En realidad, a mí no me importaba demasiado ir al sur, porque allí, en Madrid, en la estación de Atocha, en la casa de Ariadna o en la mía, estaba de puta madre. Pero decía aquello porque tenía 25 años y Ariadna 23, y pensaba que sonaba poético, como de película independiente, y pensaba que a ella le sonaría romántico, y que se daría cuenta de que yo era un tipo sensible (como realmente era) y, también, no lo olvidemos, porque me gustaba decirlo. Si pasábamos por la mañana, porque muchas veces yo dormía en su casa y ella se iba a la Facultad temprano, ella miraba a las vías y entrecerraba los ojos cegada por el sol neonato que salía por aquel extremo en el que se perdían los trenes.

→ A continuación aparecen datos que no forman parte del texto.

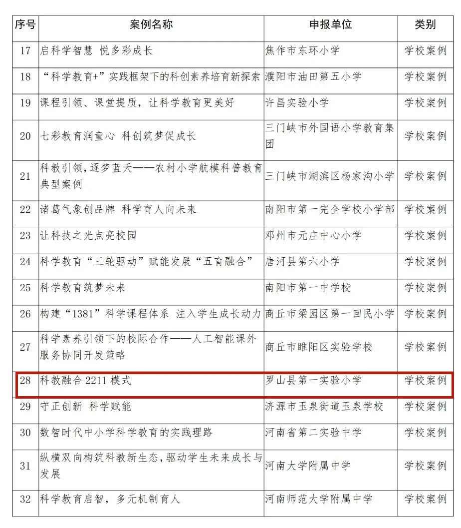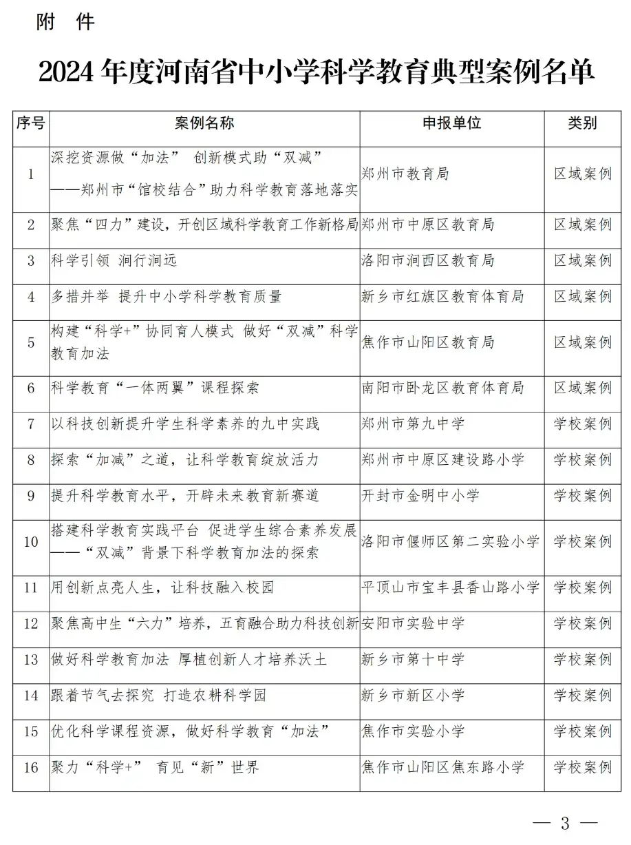 河南省教育厅办公室关于公布2024年度河南省中小学科学教育典型案例的通知

- ¿Conoces Tarifa? – le decía – Está en la última punta de España. Allí es donde en teoría se juntan los dos mares, el Mediterráneo y el Atlántico. Pero yo he estado allí, donde se juntan los dos mares, y no parece que se junte nada. Es toda la misma agua, nada cambia. Ni siquiera hay los grandes oleajes que se le suponen a estos lugares, como el Cabo de Hornos. Por eso yo creo que lo que importa aquí es el nombre que le ponemos a las cosas, que hemos llamado a uno Atlántico y a otro Mediterráneo, pero que son la misma cosa. Ya verás: tenemos que ir. Al frente se ve África.

Este tipo de chorradas le decía yo a Ariadna, para ver si le parecía ocurrente o profundo. Alguna vez ella también dijo alguna cosa de ese tipo en referencia a las vías, los trenes, los viajes y el eterno sur.

- Es curioso, fíjate: estas mismas vías que hay aquí son las que llegan, por ejemplo, a Málaga, que está a cientos de kilómetros de distancia. Así que si yo llegase a bajar a las vías, con cuidado de que no me pillase ningún tren, claro, y tocase la vía, estaría tocando un objeto que llega a Málaga. Y si alguien en Málaga tocase la vía estaríamos tocando los dos el mismo objeto. ¿Existe alguna otra cosa que tenga esta característica?

Por supuesto, ella nunca bajó a las vías. Por supuesto, yo me mostraba fascinado por la ocurrencia y me quedaba pensativo y silencioso, recorriendo las vías con los ojos, intentando meter todos aquellos kilómetros en la cabeza. Y, por supuesto, pasaba por alto el hecho de que las vías tienen cortes en su recorrido, que no es siempre la misma vía sino que está hecha de diferentes tramos, porque no es factible construir un objeto tan largo y, además, porque al sufrir dilataciones en verano, con el alza de las temperaturas, tiene que haber cierto espacio que aloje la variación de longitud. Pero, al fin y al cabo, aquello era el amor y no una puta clase de ingeniería.